Restate word for word the lines below that run from the one holding "Dips have traditionally" through the one holding "Poor quality previous weld repair", inclusive. Pictures don't belong in the copy.

_ _ _

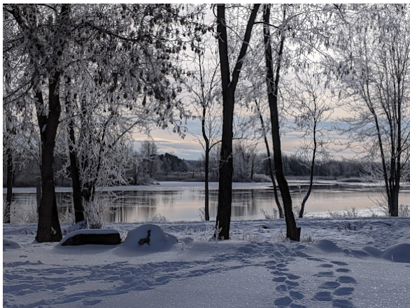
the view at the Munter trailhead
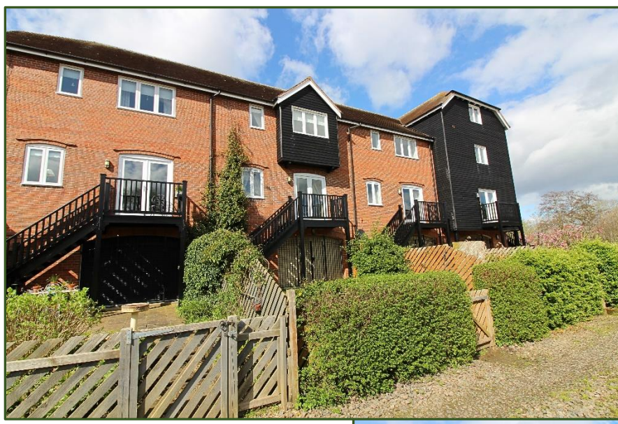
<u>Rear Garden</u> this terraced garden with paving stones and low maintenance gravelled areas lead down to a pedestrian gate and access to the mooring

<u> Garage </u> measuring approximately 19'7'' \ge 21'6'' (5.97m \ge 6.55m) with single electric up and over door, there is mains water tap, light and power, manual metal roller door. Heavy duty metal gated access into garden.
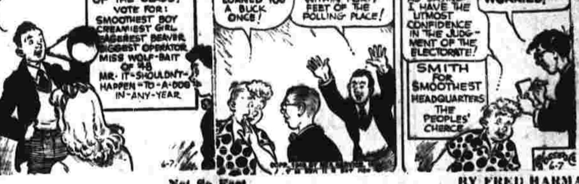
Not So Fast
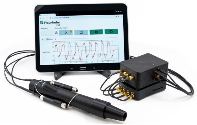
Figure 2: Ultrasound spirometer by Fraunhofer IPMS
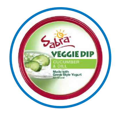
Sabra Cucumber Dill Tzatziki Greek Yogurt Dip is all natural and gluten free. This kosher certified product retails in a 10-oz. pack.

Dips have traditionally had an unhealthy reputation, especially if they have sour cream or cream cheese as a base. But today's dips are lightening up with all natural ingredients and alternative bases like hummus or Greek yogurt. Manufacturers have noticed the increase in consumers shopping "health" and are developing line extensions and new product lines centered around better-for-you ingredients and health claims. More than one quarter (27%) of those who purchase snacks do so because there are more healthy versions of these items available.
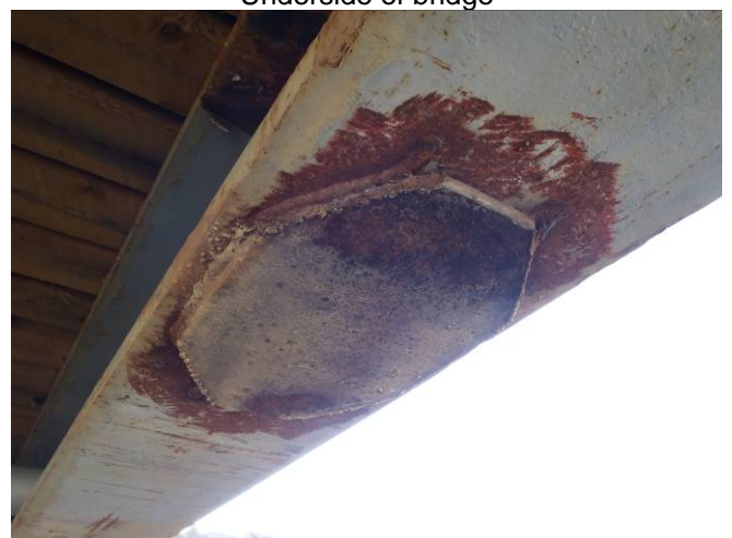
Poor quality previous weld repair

_ _ _

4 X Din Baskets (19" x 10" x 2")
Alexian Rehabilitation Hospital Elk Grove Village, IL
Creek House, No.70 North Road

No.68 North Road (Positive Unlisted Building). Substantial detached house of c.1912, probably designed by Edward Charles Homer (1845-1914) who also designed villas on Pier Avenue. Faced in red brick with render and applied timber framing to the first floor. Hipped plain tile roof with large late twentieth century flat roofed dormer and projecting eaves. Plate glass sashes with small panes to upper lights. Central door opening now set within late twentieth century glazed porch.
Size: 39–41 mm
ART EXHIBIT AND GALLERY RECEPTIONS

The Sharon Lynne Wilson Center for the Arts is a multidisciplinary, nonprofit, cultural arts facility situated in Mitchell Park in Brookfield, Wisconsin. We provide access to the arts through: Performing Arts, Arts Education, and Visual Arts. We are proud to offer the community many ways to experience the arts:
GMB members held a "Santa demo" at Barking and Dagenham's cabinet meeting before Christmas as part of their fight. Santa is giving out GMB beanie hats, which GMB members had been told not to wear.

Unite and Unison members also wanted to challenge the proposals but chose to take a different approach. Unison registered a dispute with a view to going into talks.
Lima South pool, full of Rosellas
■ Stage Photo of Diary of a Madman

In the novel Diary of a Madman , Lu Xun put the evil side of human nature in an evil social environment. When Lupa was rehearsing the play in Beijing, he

_ _ _

- [SOLUTION TO THIS EXERCISE]
Dips have traditionally had an unhealthy reputation, especially if they have sour cream or cream cheese as a base. But today's dips are lightening up with all natural ingredients and alternative bases like hummus or Greek yogurt. Manufacturers have noticed the increase in consumers shopping "health" and are developing line extensions and new product lines centered around better-for-you ingredients and health claims. More than one quarter (27%) of those who purchase snacks do so because there are more healthy versions of these items available.
Poor quality previous weld repair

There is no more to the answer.